Geographic expansion will accelerate, particularly into the UK, Canada, and the Australia / New Zealand markets, with calibrated editions that respect the significantly different statutory and procedural landscapes. The architecture patterns documented in this issue — the supervisor pattern, the compositional fabric with provider-swappable frontier slots, the synthetic-data substrate that permits jurisdiction-specific calibration without privilege exposure — are the patterns that make this expansion structurally tractable.

The measurement framework

Subsequent annual reviews will measure: capability ceiling (the hardest matter shape any agentic-legal-AI product can produce production-grade output for); provider concentration (the percentage of category-level workload that depends on a single foundation-model provider); architecture posture (the share of new deployments that adopt the supervisor pattern); training-data discipline (the share of new deployments that disclose corpus composition); attestation posture (the share of vendors holding product-specific SOC 2 Type II at the end of the year); and geographic distribution (the count of jurisdictions with at least one shipping calibrated agentic-legal-AI product).

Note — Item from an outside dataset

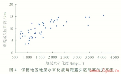 該區(qū)煤層氣井產出水礦化度總體較低,介于842~5072mg/L,平均為1750mg/L,總體變化趨勢由東向西、由南向北礦化度增加(圖2)。由于該區(qū)構造為西傾單斜,地下水總體流向為由東向西,隨著距離露頭區(qū)距離的增加,地層水礦化度增高(圖4)。北部開發(fā)區(qū)距離補給區(qū)較遠,而南部距離補給區(qū)較近,因此,南部地層水礦化度小于北部,水動力條件南部較北部活躍。

The inaugural-edition baseline values for these measures will appear in a companion data appendix in the next revision of this document. They are not in this edition; we want the framework to be reviewed and refined by readers — and by the colleagues at other companies in the category — before the baseline locks. The intent is for the annual review to be the kind of publication other companies cite when they make their own claims about the state of the category.

A note on tone

The publication is not adversarial. The state of agentic AI in legal practice is materially improving year over year, and the work of the companies in the category — including the ones whose architectural choices we disagree with — is, in aggregate, advancing the category in ways that benefit the attorneys we all ultimately serve. The annual review will name capability decisions and architectural postures we find unhelpful; it will not name companies in unflattering ways, because the goal is to elevate the category, not to compete inside it through criticism.

Subsequent editions will land in May of each year. The second edition will lay the measured baselines. The third will track the year-over-year change against them. By the time the publication reaches its fifth or sixth edition, it should be the canonical reference for the state of agentic AI in legal practice. That is the goal we’re writing toward.